SOURCE DATA START

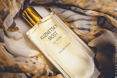 Но, вернемся к предмету отзыва. В тот день я купила несколько разных пузырьков, благо цена позволяла - я унесла домой Русскую красавицу, Злато скифов и еще несколько разных миниатюрок для себя и мамы. Мама - любитель Climat, и для нее был куплен флакончик Кузнецкого моста, обычного, который, якобы, дневной. И вот на полочке соседней я приметила здоровенную бутыль со светло-желтым содержимым и названием на стекле Kuznetsky most Le soir. Концентрация - Eau de parfum. У меня еще какая-то скидка была ввиду большой суммы покупки, ну я и после краткого затеста увесистая черная коробочка была отправлена на кассу. Признаюсь, сразу он мне напомнил именно дневной Кузнецкий мост, но то ли я была измучена кучей проб и в воздухе витало чрезмерное количество ароматов, то ли я тогда Шанс от Пятерки отличить не была способна, то ли просто одурела от красоты всего услышанного, но вот так этот бутылек поселился у меня. Впрочем, в скором времени он перекочевал к маме и там стоял до недавнего времени.
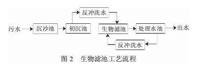 其最大的特點(diǎn)是集生物氧化和截留懸浮固體于一體,節(jié)省了后續(xù)沉淀池,厭氧水解—高負(fù)荷生物濾池處理系統(tǒng)集初沉池、曝氣池、污泥回流設(shè)施以及供氧設(shè)施等于一身,大大簡(jiǎn)化了污水處理流程。生物濾池工藝流程見(jiàn)圖2。
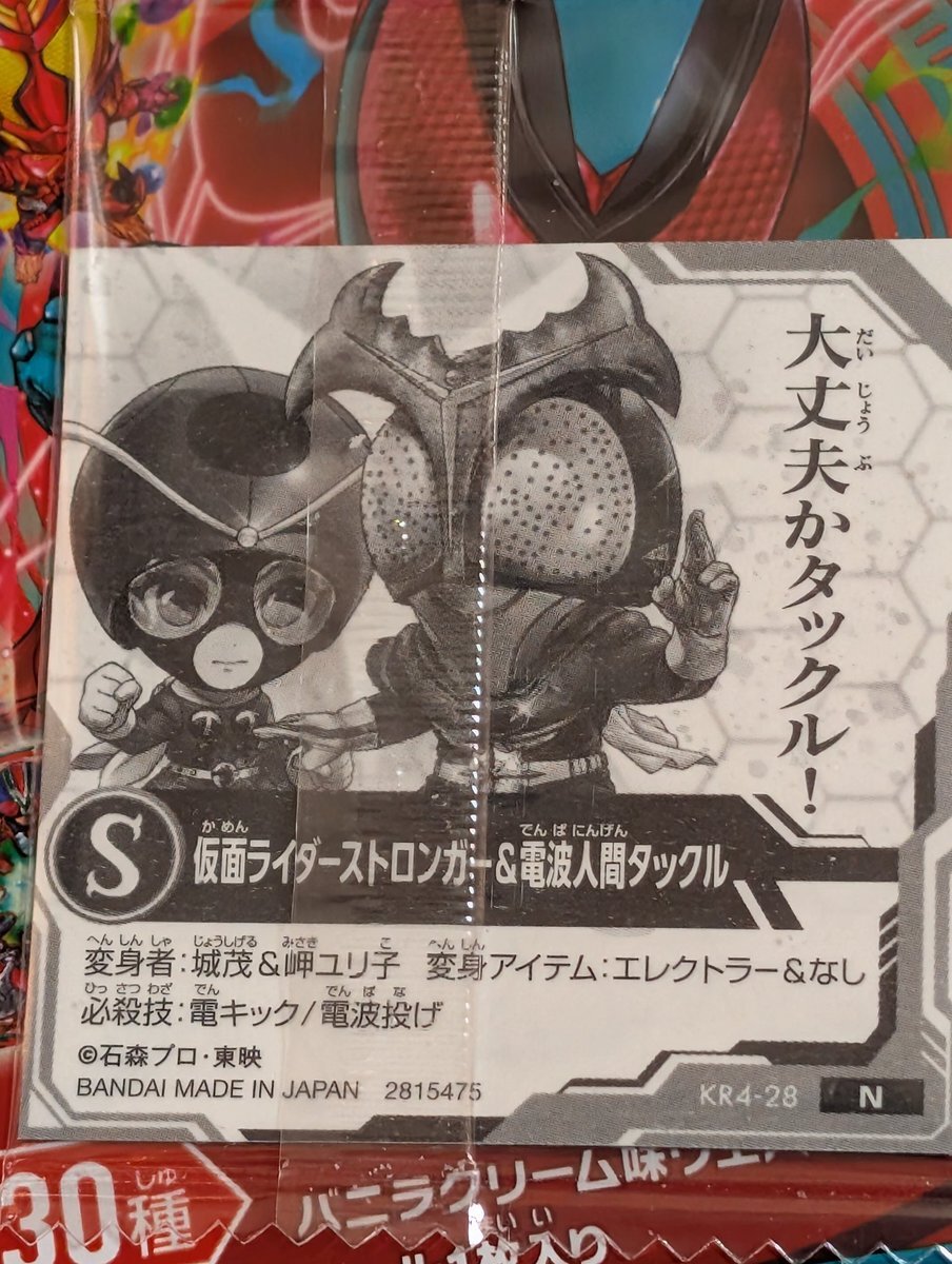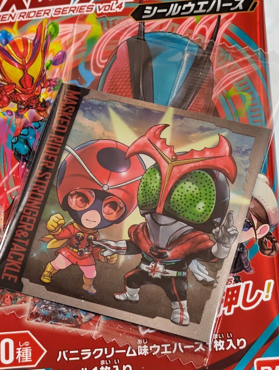 #仮面ライダーウエハース #仮面ライダーストロンガー 仮面ライダーウエハースをBOXで買いました❗️😀 左側の列、六番目は、仮面ライダーストロンガーとタックルのシールが入ってましたね❗️😀 pic.x.com/xYfrLyLGoU
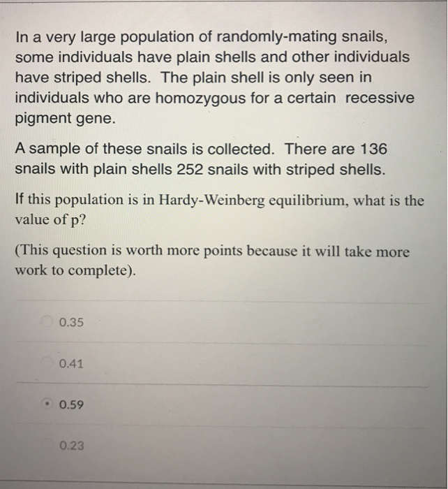 Solved In A Very Large Population Of Randomly Mating Snails Chegg Com
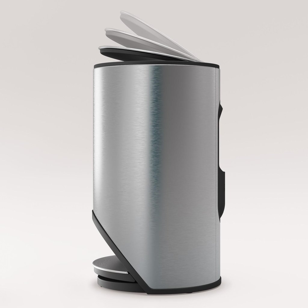 Sommige prullenbakken proberen onopvallend te zijn. Deze is zo zelfverzekerd onopvallend dat je het meteen opvalt. De roestvrijstalen cilinder met een subtiel gebogen lijn lijkt bijna op een designobject dat toevallig besloot uw dagelijkse afval aan te pakken.
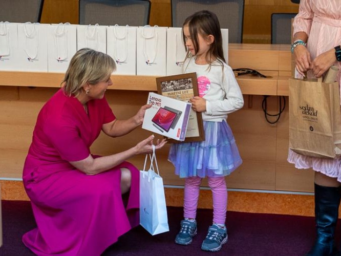 Karlovy Vary - V pondělí 29. září 2025 se v zastupitelském sále krajského úřadu rozdávaly ceny vítězům hejtmanské výtvarné soutěže na téma „Babičko, dědečku – ty jsi můj poklad“. Ta letos překonala všechny dosavadní rekordy. Celkem do ní děti přihlásily 468 prací. Autoři těch nejlepších si z rukou hejtmanky Karlovarského kraje Jany Mračkové Vildumetzové převzali hodnotné dary v podobě mobilních telefonů, tabletů, bezdrátových sluchátek a poukazů na výtvarný workshop. Udělena byla i zvláštní ocenění Galerie umění Karlovy Vary.
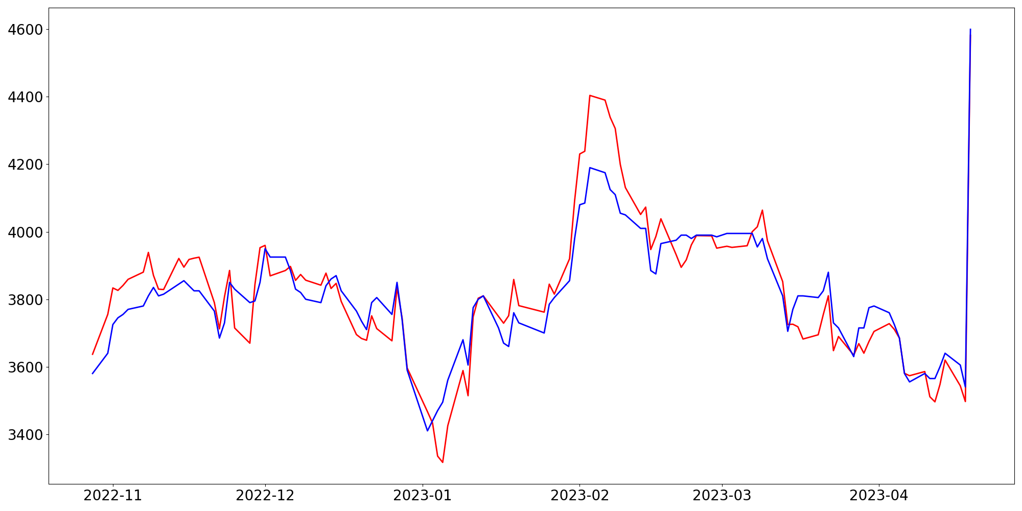 [ - : 실제값(종가) / - : 예측값(종가) ]
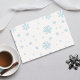 Celebre a estação com papel de tecido enfeitado com flocos de neve azul delicados sobre um cenário moderno e limpo, evocando uma serena terra maravilhosa do inverno. O design é festivo e sofisticado, fazer a maneira perfeita de compartilhar seus presentes de férias com a família e os amigos.
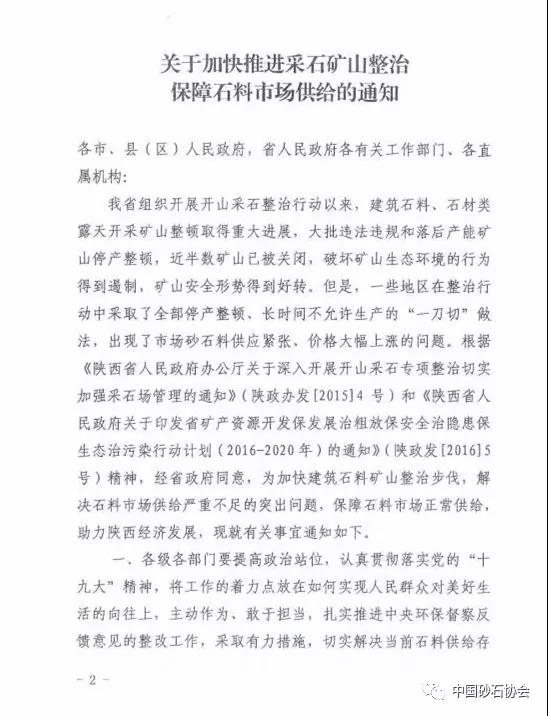 此前,即2017年11月24日,陜西省土資源廳、陜西省發(fā)展和改革委員會、陜西省公安廳、陜西省公安廳、陜西省環(huán)境保護(hù)廳、陜西省住房與城鄉(xiāng)建設(shè)廳、陜西省林業(yè)廳、陜西省安生產(chǎn)監(jiān)督管理局和陜西省交通運(yùn)輸廳八部門聯(lián)和發(fā)布《關(guān)于加快推進(jìn)采石礦山整治 保障石料市場供給的通知》。為加快建筑石料礦山整治步伐,解決石料市場供應(yīng)嚴(yán)重不足的突出問題,保障石料市場正常供給,助力陜西經(jīng)濟(jì)發(fā)展。要求:
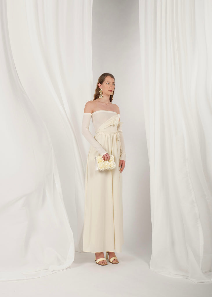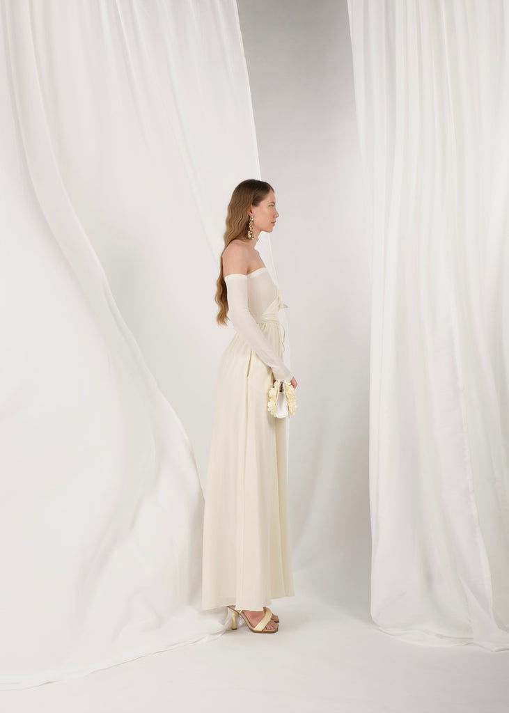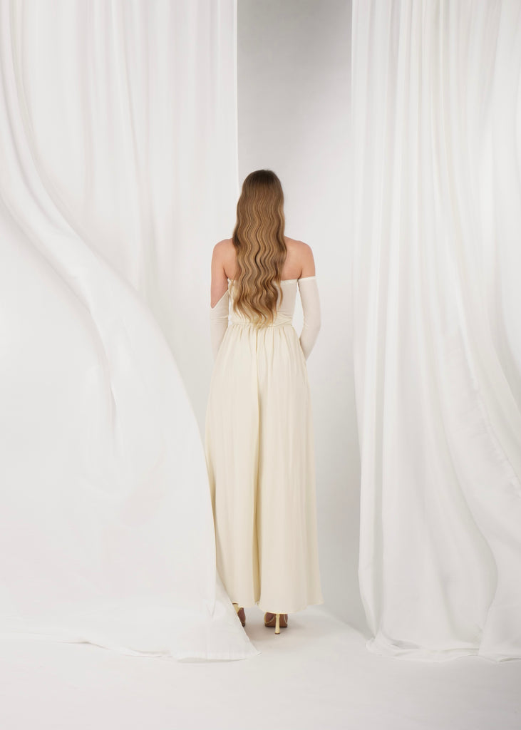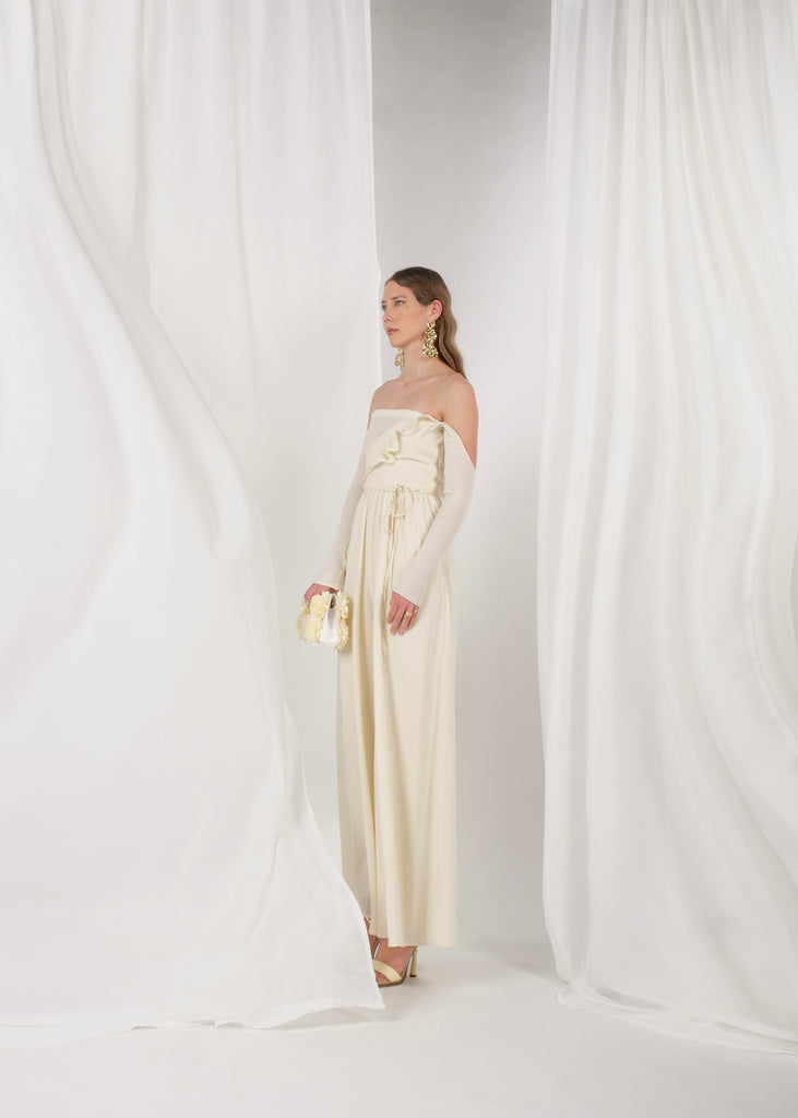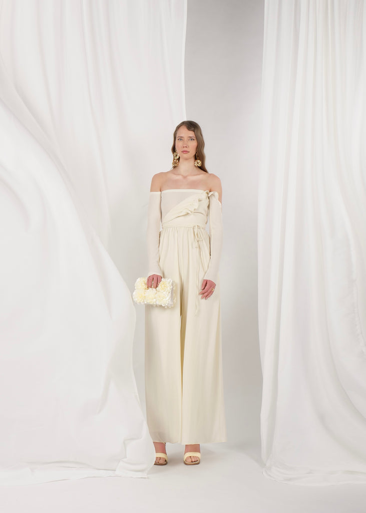 Asymmetrical overall with asymmetrical sleeves, strapless, raffled, long wide leg

SOURCE DATA END

◆ HOW TO COMPLETE THIS TASK
In your copy, omit the pictures and restate every line of the data word for word.

◆ RESULT FOR THIS TASK
 Но, вернемся к предмету отзыва. В тот день я купила несколько разных пузырьков, благо цена позволяла - я унесла домой Русскую красавицу, Злато скифов и еще несколько разных миниатюрок для себя и мамы. Мама - любитель Climat, и для нее был куплен флакончик Кузнецкого моста, обычного, который, якобы, дневной. И вот на полочке соседней я приметила здоровенную бутыль со светло-желтым содержимым и названием на стекле Kuznetsky most Le soir. Концентрация - Eau de parfum. У меня еще какая-то скидка была ввиду большой суммы покупки, ну я и после краткого затеста увесистая черная коробочка была отправлена на кассу. Признаюсь, сразу он мне напомнил именно дневной Кузнецкий мост, но то ли я была измучена кучей проб и в воздухе витало чрезмерное количество ароматов, то ли я тогда Шанс от Пятерки отличить не была способна, то ли просто одурела от красоты всего услышанного, но вот так этот бутылек поселился у меня. Впрочем, в скором времени он перекочевал к маме и там стоял до недавнего времени.
 其最大的特點(diǎn)是集生物氧化和截留懸浮固體于一體,節(jié)省了后續(xù)沉淀池,厭氧水解—高負(fù)荷生物濾池處理系統(tǒng)集初沉池、曝氣池、污泥回流設(shè)施以及供氧設(shè)施等于一身,大大簡(jiǎn)化了污水處理流程。生物濾池工藝流程見(jiàn)圖2。
 #仮面ライダーウエハース #仮面ライダーストロンガー 仮面ライダーウエハースをBOXで買いました❗️😀 左側の列、六番目は、仮面ライダーストロンガーとタックルのシールが入ってましたね❗️😀 pic.x.com/xYfrLyLGoU
 Solved In A Very Large Population Of Randomly Mating Snails Chegg Com
 Sommige prullenbakken proberen onopvallend te zijn. Deze is zo zelfverzekerd onopvallend dat je het meteen opvalt. De roestvrijstalen cilinder met een subtiel gebogen lijn lijkt bijna op een designobject dat toevallig besloot uw dagelijkse afval aan te pakken.
 Karlovy Vary - V pondělí 29. září 2025 se v zastupitelském sále krajského úřadu rozdávaly ceny vítězům hejtmanské výtvarné soutěže na téma „Babičko, dědečku – ty jsi můj poklad“. Ta letos překonala všechny dosavadní rekordy. Celkem do ní děti přihlásily 468 prací. Autoři těch nejlepších si z rukou hejtmanky Karlovarského kraje Jany Mračkové Vildumetzové převzali hodnotné dary v podobě mobilních telefonů, tabletů, bezdrátových sluchátek a poukazů na výtvarný workshop. Udělena byla i zvláštní ocenění Galerie umění Karlovy Vary.
 [ - : 실제값(종가) / - : 예측값(종가) ]
 Celebre a estação com papel de tecido enfeitado com flocos de neve azul delicados sobre um cenário moderno e limpo, evocando uma serena terra maravilhosa do inverno. O design é festivo e sofisticado, fazer a maneira perfeita de compartilhar seus presentes de férias com a família e os amigos.
 此前,即2017年11月24日,陜西省土資源廳、陜西省發(fā)展和改革委員會、陜西省公安廳、陜西省公安廳、陜西省環(huán)境保護(hù)廳、陜西省住房與城鄉(xiāng)建設(shè)廳、陜西省林業(yè)廳、陜西省安生產(chǎn)監(jiān)督管理局和陜西省交通運(yùn)輸廳八部門聯(lián)和發(fā)布《關(guān)于加快推進(jìn)采石礦山整治 保障石料市場供給的通知》。為加快建筑石料礦山整治步伐,解決石料市場供應(yīng)嚴(yán)重不足的突出問題,保障石料市場正常供給,助力陜西經(jīng)濟(jì)發(fā)展。要求:
 Asymmetrical overall with asymmetrical sleeves, strapless, raffled, long wide leg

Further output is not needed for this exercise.